As noted in part one of this series, prohibitively expensive insurance disincentivizes building and investing in high-risk, flood-prone areas (recall specifically the discussion of the “moral hazard“). By making insurance “affordable” in these high risk areas, NFIP has actually contributed to the concentration of people and capital in flood-prone areas. And, as noted before, there is now a substantial population of people who benefit from the status quo, and who will likely resist any changes to those policy structures from which they benefit. Moreover, even if some minor changes (such as elimination of subsidies) succeed, there is still the fact that large populations and in places, whole communities, now reside in places that they simply should not. In the event of a major catastrophe, such as Hurricane Katrina or the Floods of 1993, income from premiums will be insufficient to cover the losses in these areas developed due to the existence of NFIP. All of this is to say that “affordable” insurance is not an appropriate goal for flood disaster mitigation. Emphasis should be on improving floodplain management, developing resilient structure, moving high concentrations of people and capital out of flood-prone areas, and teaching adaptive practices in those areas that can be used when there is no flood (i.e. farmland, etc.). To be clear, I am not advocating wholesale evacuation of all alluvial plains, but rather smarter policy emphasizing wise use, and operating on market principles (that is, free of market distortions such as subsidies). Unfortunately, it will likely prove very difficult, and very costly, to undo half a century development spurred by bad policy.

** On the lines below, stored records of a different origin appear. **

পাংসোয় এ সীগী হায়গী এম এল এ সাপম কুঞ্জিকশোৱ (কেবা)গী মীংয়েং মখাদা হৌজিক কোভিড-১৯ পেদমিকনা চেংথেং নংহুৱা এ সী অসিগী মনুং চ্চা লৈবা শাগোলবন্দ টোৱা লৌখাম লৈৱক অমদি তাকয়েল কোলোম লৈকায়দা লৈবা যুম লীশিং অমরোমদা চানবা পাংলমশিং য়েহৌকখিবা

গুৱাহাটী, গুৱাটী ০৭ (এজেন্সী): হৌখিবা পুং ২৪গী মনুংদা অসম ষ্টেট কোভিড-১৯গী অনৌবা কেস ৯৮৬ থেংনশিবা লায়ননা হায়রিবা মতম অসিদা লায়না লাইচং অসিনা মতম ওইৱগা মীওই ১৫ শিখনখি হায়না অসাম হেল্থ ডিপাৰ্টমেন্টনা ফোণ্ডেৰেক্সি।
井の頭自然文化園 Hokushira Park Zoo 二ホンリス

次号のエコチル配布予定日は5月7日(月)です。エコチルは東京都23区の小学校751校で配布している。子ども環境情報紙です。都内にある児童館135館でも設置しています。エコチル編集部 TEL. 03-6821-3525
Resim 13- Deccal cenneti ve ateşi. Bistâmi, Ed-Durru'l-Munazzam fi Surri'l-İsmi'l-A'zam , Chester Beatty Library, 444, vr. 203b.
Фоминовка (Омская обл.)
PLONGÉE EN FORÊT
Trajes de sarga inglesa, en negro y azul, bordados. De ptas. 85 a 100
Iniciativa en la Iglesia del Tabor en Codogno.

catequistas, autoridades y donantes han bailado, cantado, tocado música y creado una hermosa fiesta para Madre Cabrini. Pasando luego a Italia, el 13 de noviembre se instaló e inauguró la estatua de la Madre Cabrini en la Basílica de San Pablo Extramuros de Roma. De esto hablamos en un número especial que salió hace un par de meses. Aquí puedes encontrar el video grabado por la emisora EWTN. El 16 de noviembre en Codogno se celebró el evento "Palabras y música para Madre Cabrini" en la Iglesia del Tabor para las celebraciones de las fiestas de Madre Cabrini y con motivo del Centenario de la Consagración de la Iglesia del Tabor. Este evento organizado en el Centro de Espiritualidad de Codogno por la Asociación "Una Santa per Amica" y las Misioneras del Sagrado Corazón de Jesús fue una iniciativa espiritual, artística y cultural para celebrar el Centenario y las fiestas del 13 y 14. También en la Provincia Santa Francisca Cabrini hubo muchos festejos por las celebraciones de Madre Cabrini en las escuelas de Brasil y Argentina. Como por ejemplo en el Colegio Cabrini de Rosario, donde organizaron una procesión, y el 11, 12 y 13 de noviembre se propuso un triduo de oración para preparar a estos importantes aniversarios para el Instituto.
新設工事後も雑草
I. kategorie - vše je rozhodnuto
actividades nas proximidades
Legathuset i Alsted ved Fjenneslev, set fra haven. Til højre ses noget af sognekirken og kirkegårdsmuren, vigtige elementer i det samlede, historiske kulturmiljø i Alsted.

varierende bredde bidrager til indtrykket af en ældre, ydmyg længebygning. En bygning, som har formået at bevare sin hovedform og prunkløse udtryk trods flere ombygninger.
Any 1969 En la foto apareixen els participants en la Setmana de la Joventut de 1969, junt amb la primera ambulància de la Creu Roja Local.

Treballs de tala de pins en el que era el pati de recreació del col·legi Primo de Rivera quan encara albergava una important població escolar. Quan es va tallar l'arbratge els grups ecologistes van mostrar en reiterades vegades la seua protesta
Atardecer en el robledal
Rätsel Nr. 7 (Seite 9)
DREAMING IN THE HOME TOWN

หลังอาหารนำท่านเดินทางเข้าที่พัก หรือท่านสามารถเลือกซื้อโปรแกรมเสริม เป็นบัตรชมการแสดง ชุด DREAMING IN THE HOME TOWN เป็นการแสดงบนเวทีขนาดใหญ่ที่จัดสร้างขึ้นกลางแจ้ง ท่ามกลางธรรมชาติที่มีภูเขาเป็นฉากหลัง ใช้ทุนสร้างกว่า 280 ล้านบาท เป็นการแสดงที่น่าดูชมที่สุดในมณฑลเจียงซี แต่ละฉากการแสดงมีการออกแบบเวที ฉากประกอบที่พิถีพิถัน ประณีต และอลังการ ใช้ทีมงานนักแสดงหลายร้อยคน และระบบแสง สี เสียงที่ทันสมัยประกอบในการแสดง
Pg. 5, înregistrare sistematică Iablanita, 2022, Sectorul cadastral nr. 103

Unfortunately – but unsurprisingly – key members of the House and Senate agreed on October 9th, 2013 to delay many of the reforms to NFIP put in motion by Biggert-Waters. Maxine Waters (D-CA), ranking member of the House Financial Services Committee and one of the chief architects of Biggert-Waters, said that the delay is intended to assure that the “changes are implemented affordably” (Insurance Journal online). Lawmakers including Waters, Mary Landrieu (D-LA), Johnny Isakson (R-GA), Robert Menendez (D-NJ), Jeff Merkley (D-OR), Thad Cochran (R-MS), and Heidi Heitkamp (D-ND) have argued that the changes to NFIP brought on by Biggert-Waters has caused “harm” and “heartache” to Americans. They note that premiums are rising, which is hurting family budgets, and importantly, they claim that the changes are affecting home sales and property values. Thus, the delay measure postpones the promised (and necessary) phase-out of subsidies and reinstates the “grandfather clause.” In other words, this delay measure effectively un-does the vast-majority of the good that Biggert-Waters promised to do. In short, NFIP needs major reform – but those reforms are likely not even possible until we begin to address the real underlying causes of our present flood problems, and stop merely treating the symptoms.

King, Rawle O. 2009. “National Flood Insurance Program: Background, Challenges, and Financial Status.” Congressional Research Service Report R40650.

Michel-Kerjan, Erwann O. 2010. “Catastrophe Economics: The National Flood Insurance Program.” Journal of Economic Perspectives 24(4): 165-186.